Les priorités stratégiques pour combler le retard des ODD en Afrique
Les actions nécessaires pour accélérer le développement durable en Afrique reposent sur une approche plus ambitieuse, coordonnée et intégrée :
Politiques intégrées : les politiques nationales doivent être mieux alignées avec les cadres continentaux et internationaux pour éviter les approches fragmentées qui freinent l’atteinte des objectifs de 2030.
Capacités de mise en œuvre : il faut renforcer les compétences techniques, les institutions, les systèmes de suivi et d’évaluation, ainsi que la gestion des projets et des données.
Financement interne : réduire le déficit de financement passe par une meilleure mobilisation des ressources internes, des réformes fiscales, la lutte contre les flux financiers illicites et une gestion plus efficace des dépenses publiques.
Financement international : améliorer l’accès aux financements concessionnels, climatiques et de long terme, tout en réformant le système financier international pour mieux répondre aux besoins de l’Afrique.
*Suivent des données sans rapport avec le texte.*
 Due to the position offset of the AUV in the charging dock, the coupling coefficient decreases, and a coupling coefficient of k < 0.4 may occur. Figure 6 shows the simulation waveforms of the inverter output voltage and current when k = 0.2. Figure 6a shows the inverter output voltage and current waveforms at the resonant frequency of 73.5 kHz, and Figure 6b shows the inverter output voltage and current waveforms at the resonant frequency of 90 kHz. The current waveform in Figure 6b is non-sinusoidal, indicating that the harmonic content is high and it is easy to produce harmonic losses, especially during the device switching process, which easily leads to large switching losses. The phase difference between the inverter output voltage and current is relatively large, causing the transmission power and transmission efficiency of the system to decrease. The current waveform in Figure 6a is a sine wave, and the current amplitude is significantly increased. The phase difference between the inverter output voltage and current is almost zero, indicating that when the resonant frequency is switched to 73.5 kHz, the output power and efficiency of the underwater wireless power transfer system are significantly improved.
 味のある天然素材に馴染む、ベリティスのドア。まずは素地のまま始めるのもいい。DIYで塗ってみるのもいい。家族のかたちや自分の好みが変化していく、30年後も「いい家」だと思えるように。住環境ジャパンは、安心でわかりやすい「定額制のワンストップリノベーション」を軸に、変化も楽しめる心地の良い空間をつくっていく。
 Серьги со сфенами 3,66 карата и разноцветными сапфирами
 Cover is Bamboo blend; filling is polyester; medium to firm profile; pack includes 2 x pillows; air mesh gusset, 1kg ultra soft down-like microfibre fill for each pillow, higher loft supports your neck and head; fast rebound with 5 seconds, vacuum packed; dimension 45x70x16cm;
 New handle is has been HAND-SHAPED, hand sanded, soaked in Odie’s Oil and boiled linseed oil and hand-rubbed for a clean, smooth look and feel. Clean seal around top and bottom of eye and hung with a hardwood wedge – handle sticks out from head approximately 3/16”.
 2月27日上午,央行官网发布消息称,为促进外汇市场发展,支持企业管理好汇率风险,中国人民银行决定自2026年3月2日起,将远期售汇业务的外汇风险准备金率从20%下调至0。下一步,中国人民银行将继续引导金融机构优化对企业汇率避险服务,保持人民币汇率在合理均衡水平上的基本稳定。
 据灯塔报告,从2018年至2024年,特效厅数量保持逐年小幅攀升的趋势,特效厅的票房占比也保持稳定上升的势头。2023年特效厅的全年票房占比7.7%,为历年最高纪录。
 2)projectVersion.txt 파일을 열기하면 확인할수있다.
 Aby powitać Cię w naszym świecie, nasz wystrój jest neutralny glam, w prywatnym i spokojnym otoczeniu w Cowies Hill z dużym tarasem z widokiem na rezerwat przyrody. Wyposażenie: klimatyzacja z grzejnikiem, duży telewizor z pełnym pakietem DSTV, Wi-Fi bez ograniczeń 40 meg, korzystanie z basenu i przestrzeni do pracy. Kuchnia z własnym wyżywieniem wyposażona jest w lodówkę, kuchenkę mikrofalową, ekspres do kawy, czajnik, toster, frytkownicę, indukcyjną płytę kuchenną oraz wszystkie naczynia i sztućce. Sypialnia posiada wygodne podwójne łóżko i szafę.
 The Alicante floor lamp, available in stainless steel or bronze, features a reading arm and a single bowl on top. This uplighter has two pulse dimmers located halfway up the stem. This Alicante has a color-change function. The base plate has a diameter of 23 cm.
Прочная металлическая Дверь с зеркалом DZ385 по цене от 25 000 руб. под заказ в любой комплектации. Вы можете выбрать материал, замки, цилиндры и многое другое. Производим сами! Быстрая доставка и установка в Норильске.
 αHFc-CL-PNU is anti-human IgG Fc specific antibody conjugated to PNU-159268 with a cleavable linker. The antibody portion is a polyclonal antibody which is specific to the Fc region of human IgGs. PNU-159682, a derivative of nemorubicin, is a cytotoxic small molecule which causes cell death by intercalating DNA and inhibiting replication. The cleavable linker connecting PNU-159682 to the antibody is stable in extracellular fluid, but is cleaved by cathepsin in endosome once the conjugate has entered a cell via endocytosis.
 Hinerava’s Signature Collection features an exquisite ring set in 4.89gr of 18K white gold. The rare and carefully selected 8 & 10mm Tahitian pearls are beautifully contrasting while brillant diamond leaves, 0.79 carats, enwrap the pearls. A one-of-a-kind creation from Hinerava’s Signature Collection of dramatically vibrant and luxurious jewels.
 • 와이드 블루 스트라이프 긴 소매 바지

Coopération régionale : renforcer l’intégration régionale, les infrastructures transfrontalières, les chaînes de valeur régionales et la coopération Sud-Sud.
Données et gouvernance : disposer de données fiables et renforcer une gouvernance inclusive impliquant les femmes, les jeunes et les communautés vulnérables pour améliorer l’efficacité des politiques.
Alors que l’Afrique entre dans la dernière ligne droite de l’Agenda 2030 des Nations Unies, qui fixe 17 Objectifs de Développement Durable à atteindre d’ici 2030. Et poursuit la mise en œuvre de l’Agenda 2063 de l’Union africaine, véritable feuille de route stratégique pour le développement du continent à long terme, elle évolue dans un contexte mondial marqué par des tensions économiques, climatiques et géopolitiques croissantes.
Malgré des avancées notables dans plusieurs domaines du développement durable, les défis structurels, les inégalités persistantes et les contraintes de financement continuent de freiner la dynamique de transformation.
L’enjeu dépasse la simple gestion des crises. Il s’agit désormais de savoir comment chaque pays peut déployer des actions coordonnées, durables et transformatrices, capables de soutenir une trajectoire de développement solide et inclusive pour le continent sur le long terme.